Как-то раз Вирис, которому уже исполнилось пятнадцать, попросил Важена, чтобы тот отпустил его в Белжен, сказав, что среди тамошних лесов он быстрее справится со своею тоскою, и Хмурый тут же отпустил его, хотя время охот ещё не подошло. На следующий день Вирис выехал из замка с малою свитой, а в Белжен впереди всех был отправлен гонец с повелением к тамошнему управляющему подготовить охотничий дом к встрече дорого гостя.

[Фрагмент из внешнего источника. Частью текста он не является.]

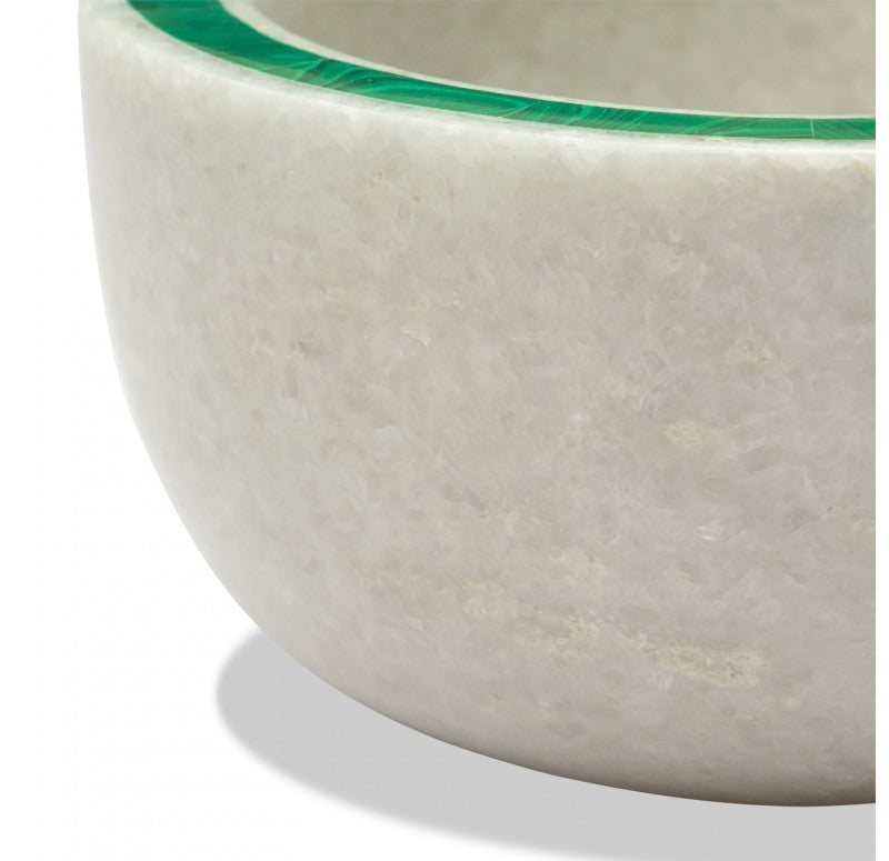 Hand carved white marble with an inlay of mysterious malachite. Angled bowl feature. Expect differences in color, striations and malachite stone inlay shapes. Food safe. Hand wash only. Certain foods can stain and are abrasive to marble. Indoor only. Weight: 5 lbs.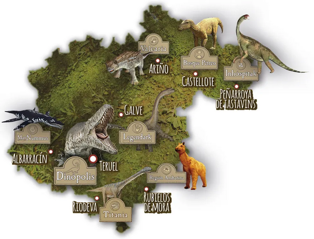 Además del parque principal, hay otras siete sedes más ubicadas en siete localidades de la provincia de Teruel en las que ha habido hallazgos paleontológicos de relevancia internacional, cada una tiene una temática diferente.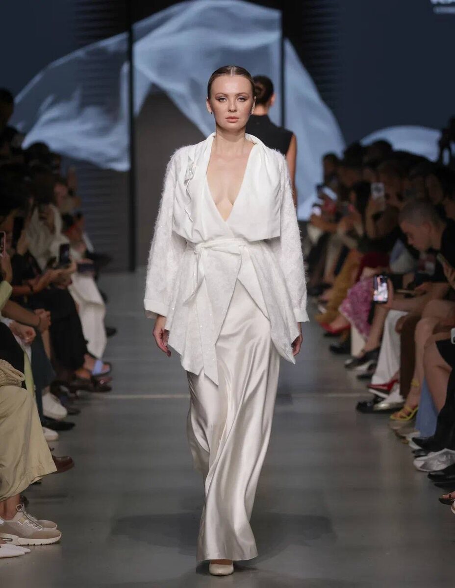 Коллекция бренда LOST GENOME (Санкт-Петербург) на подиуме Московской недели моды Бренд представил осенне-зимнюю коллекцию «Тонкости Востока», в которой восточные мотивы переосмыслены сквозь призму высокой моды. В основе линейки — платье-кимоно, жакеты прямого кроя, струящиеся брюки и платья, объемные стеганые пальто. Особое внимание уделяется деталям: изделия дополнены элементами в виде цветов каллы, брошами, вышивкой ручной работы, а также японским рисунком.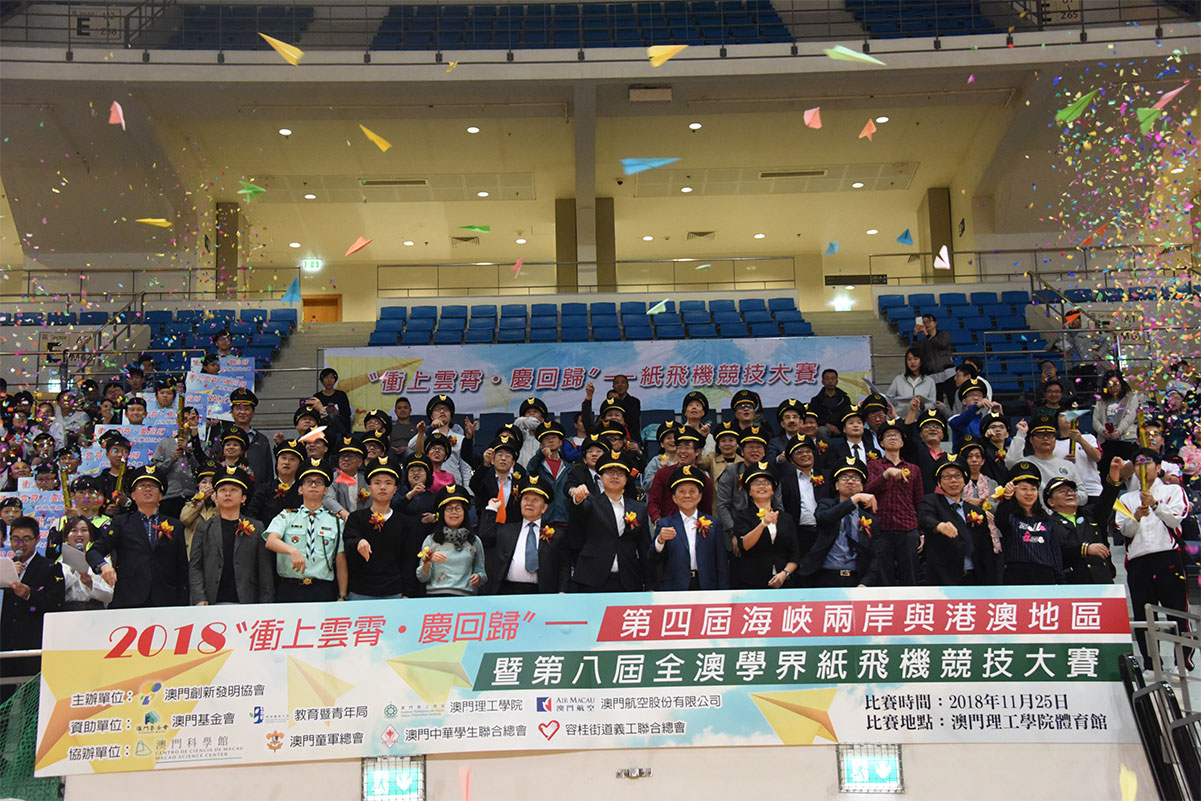 多年以来通过以庆祝澳门特别行政区成立的大喜日子邀请海峡两岸及港澳地区的学生一起参与活动,冀体现和平统一的共同目标能够早日实现。 自2011 至2018 年连续八年举办“庆回归.冲上云霄--全澳学生纸飞机大赛”暨“两岸四地学生纸飞机大赛”。基于从国情及活动的规格、影响力和性质来考虑,今年将更名为: “冲上云霄.庆回归” --第五届海峡两岸及粤港澳大湾区暨第九届全澳学界纸飞机竞技大赛,活动内容有多项科普比赛。多年来累计参与的学生人数已超过2,500人,累计获累计如下:金牌 73个、银牌 66个、铜牌 67个,优异奖 50个。

Старому Любошу было не впервой встречать гостей, так что к приезду Вириса всё в доме было выскоблено и отмыто, по углам комнат висели пучки ароматных трав, а из погреба уже достали лучшее вино. Постель же в предназначенных для княжича покоях Любош, желая устроить Вириса как можно лучше, застелил шкурой белого волка, которую несколько лет назад ему продал Русмар. Любош не знал, что это та самая шкура, которую Вирис, будучи околдован, носил несколько лет и которую Русмар так и не решился уничтожить из-за ее редкой красоты, а продал куда подальше, надеясь, что она больше никогда не попадется на глаза Важену.
Когда Вирис прибыл в Белжен, то, оставив свиту обедать и веселиться, сам, едва ступив на порог дома, тут же ушёл в лес. Среди лугов и рощ ему всегда дышалось легче, чем в замке, но в этот раз прогулка не помогла Вирису - на сердце ему точно камень навалился, и он вернулся в охотничий дом опечаленный ещё более, чем прежде. Незаметно миновав всё ещё пирующих за столом людей, Вирис поднялся в предназначенные ему покои и застыл у дверей, не сводя глаз с постели. К тому времени уже стемнело, и взошедшая полная луна ярко освещала комнату и растеленный на кровати белый мех. При виде шкуры к горлу Вириса подкатил комок, а виски точно сжало железным обручем. Не чувствуя ног, он медленно подошел к кровати и огладил густую шерсть.